Marshall A L, Holzer J, Stejskal P, Stephens C J, Vystavěl T, Whiting M J
Department of Mechanical Engineering Sciences, The University of Surrey, Guildford, GU2 7XH; Thermo Fisher Scientific, Unit 24 Birches Industrial Estate, East Grinstead, UK, RH19 1UB.
Institute of Physics of Materials & CEITEC IPM, Academy of Sciences of the Czech Republic, Žižkova 22, 61600 Brno, Czech Republic; Thermo Fisher Scientific, Vlastimila Pecha 1282/12, 62700 Brno, Czech Republic.
Ultramicroscopy. 2021 Jul;226:113294. doi: 10.1016/j.ultramic.2021.113294. Epub 2021 Apr 30.
Performing EBSD with a horizontal sample and a parallel EBSD detector sensor, enables safer specimen movements for data collection of large specimen areas and improves the longitudinal spatial resolution. The collection of electron backscattering patterns (EBSPs) at normal incidence to the electron beam has been revisited via the use of a direct electron detection (DED) sensor. In this article we present a fully operational DED EBSD detection system in this geometry, referred to as the tilt-free geometry. A well-defined Σ=3[101]{121} twin boundary in a Molybdenum bicrystal was used to measure the physical spatial resolution of the EBSD detector in this tilt-free geometry. In this study, two separate methods for estimating the spatial resolution of EBSD, one based on a pattern quality metric and the other on a normalised cross correlation coefficient were used. The spatial resolution was determined at accelerating voltages of 8 kV, 10 kV, 12 kV, 15 kV and 20 kV ranging from ~22-38 nm using the pattern quality method and ~31-46 nm using the normalised cross correlation method.

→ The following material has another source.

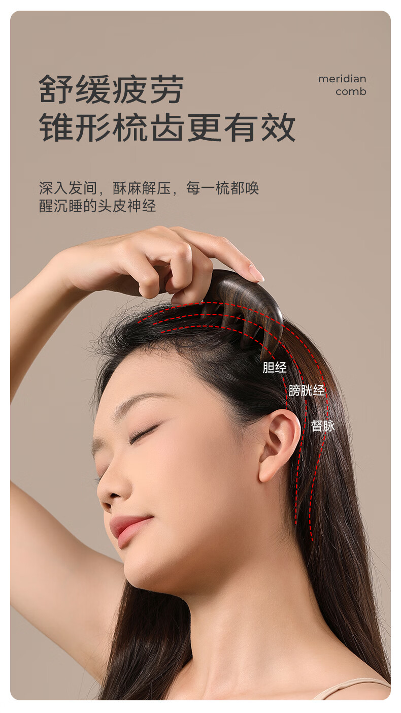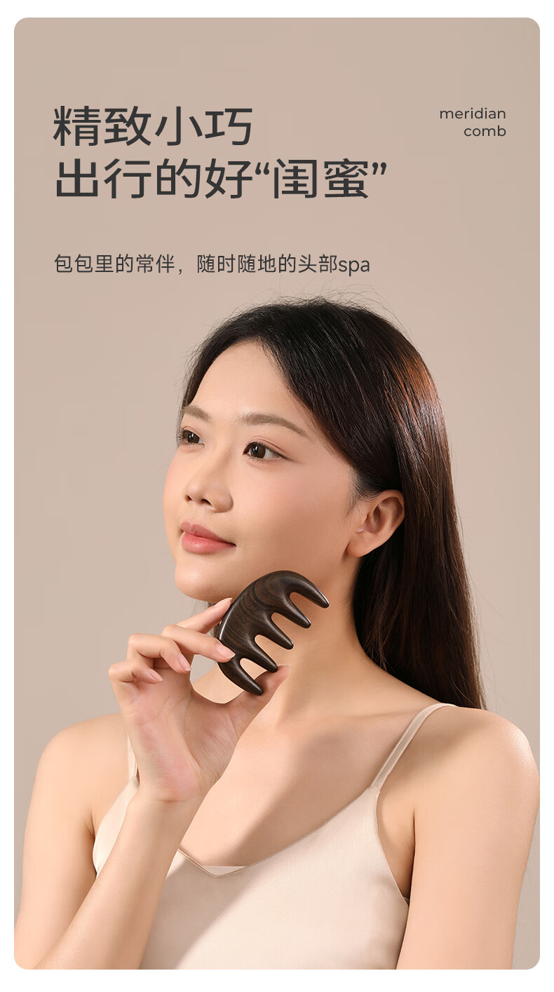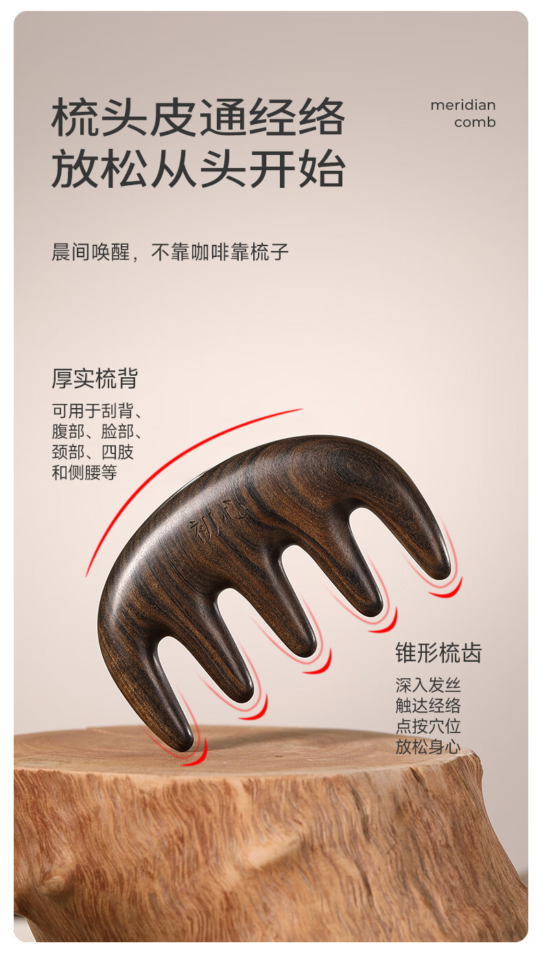 初心【经络按摩】沉贵宝宽齿檀木梳便携防静电头皮护理养生女士专用梳 掌间元气经络梳-沉贵宝
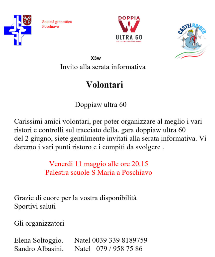 Alle 20.15 presso le palestre delle scuole di S.Maria in Poschiavo: Serata volontari Doppiaw Ultra 60.

使用水平样品和并行电子背散射衍射(EBSD)探测器传感器进行EBSD分析,能够更安全地移动样品以采集大样品区域的数据,并提高纵向空间分辨率。通过使用直接电子检测(DED)传感器,重新研究了在与电子束垂直入射时收集电子背散射图案(EBSP)的方法。在本文中,我们展示了一种在这种几何结构下完全运行的DED EBSD检测系统,称为无倾斜几何结构。在钼双晶体中使用明确的Σ=3[101]{121}孪晶界来测量这种无倾斜几何结构下EBSD探测器的物理空间分辨率。在这项研究中,使用了两种单独的方法来估计EBSD的空间分辨率,一种基于图案质量度量,另一种基于归一化互相关系数。使用图案质量方法在8 kV、10 kV、12 kV、15 kV和20 kV的加速电压下确定的空间分辨率范围为22 - 38 nm,使用归一化互相关方法确定的空间分辨率范围为31 - 46 nm。